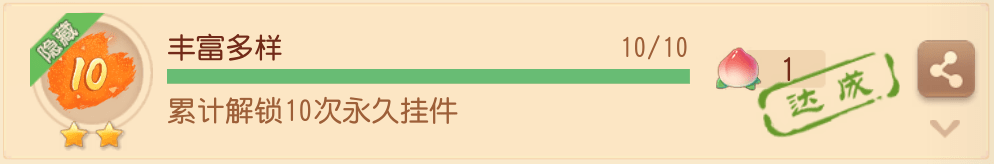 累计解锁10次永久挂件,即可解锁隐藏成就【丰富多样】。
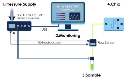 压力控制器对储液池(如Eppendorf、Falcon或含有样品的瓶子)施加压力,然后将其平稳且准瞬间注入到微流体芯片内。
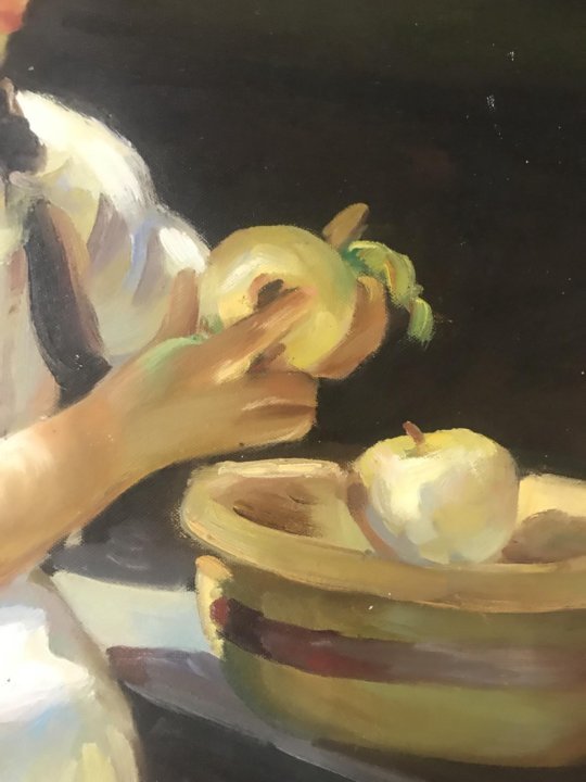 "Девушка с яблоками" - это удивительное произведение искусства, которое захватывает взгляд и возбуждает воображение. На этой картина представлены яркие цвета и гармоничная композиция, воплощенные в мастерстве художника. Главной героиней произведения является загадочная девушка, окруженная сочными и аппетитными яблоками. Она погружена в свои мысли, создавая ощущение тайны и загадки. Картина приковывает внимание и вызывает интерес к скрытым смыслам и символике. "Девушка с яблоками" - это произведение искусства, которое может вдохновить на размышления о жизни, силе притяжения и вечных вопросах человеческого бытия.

- [PROBLEM REQUIREMENTS]:
Output the listing exactly. Leave out any image.

- [ANSWER SECTION]:
 累计解锁10次永久挂件,即可解锁隐藏成就【丰富多样】。
 压力控制器对储液池(如Eppendorf、Falcon或含有样品的瓶子)施加压力,然后将其平稳且准瞬间注入到微流体芯片内。
 "Девушка с яблоками" - это удивительное произведение искусства, которое захватывает взгляд и возбуждает воображение. На этой картина представлены яркие цвета и гармоничная композиция, воплощенные в мастерстве художника. Главной героиней произведения является загадочная девушка, окруженная сочными и аппетитными яблоками. Она погружена в свои мысли, создавая ощущение тайны и загадки. Картина приковывает внимание и вызывает интерес к скрытым смыслам и символике. "Девушка с яблоками" - это произведение искусства, которое может вдохновить на размышления о жизни, силе притяжения и вечных вопросах человеческого бытия.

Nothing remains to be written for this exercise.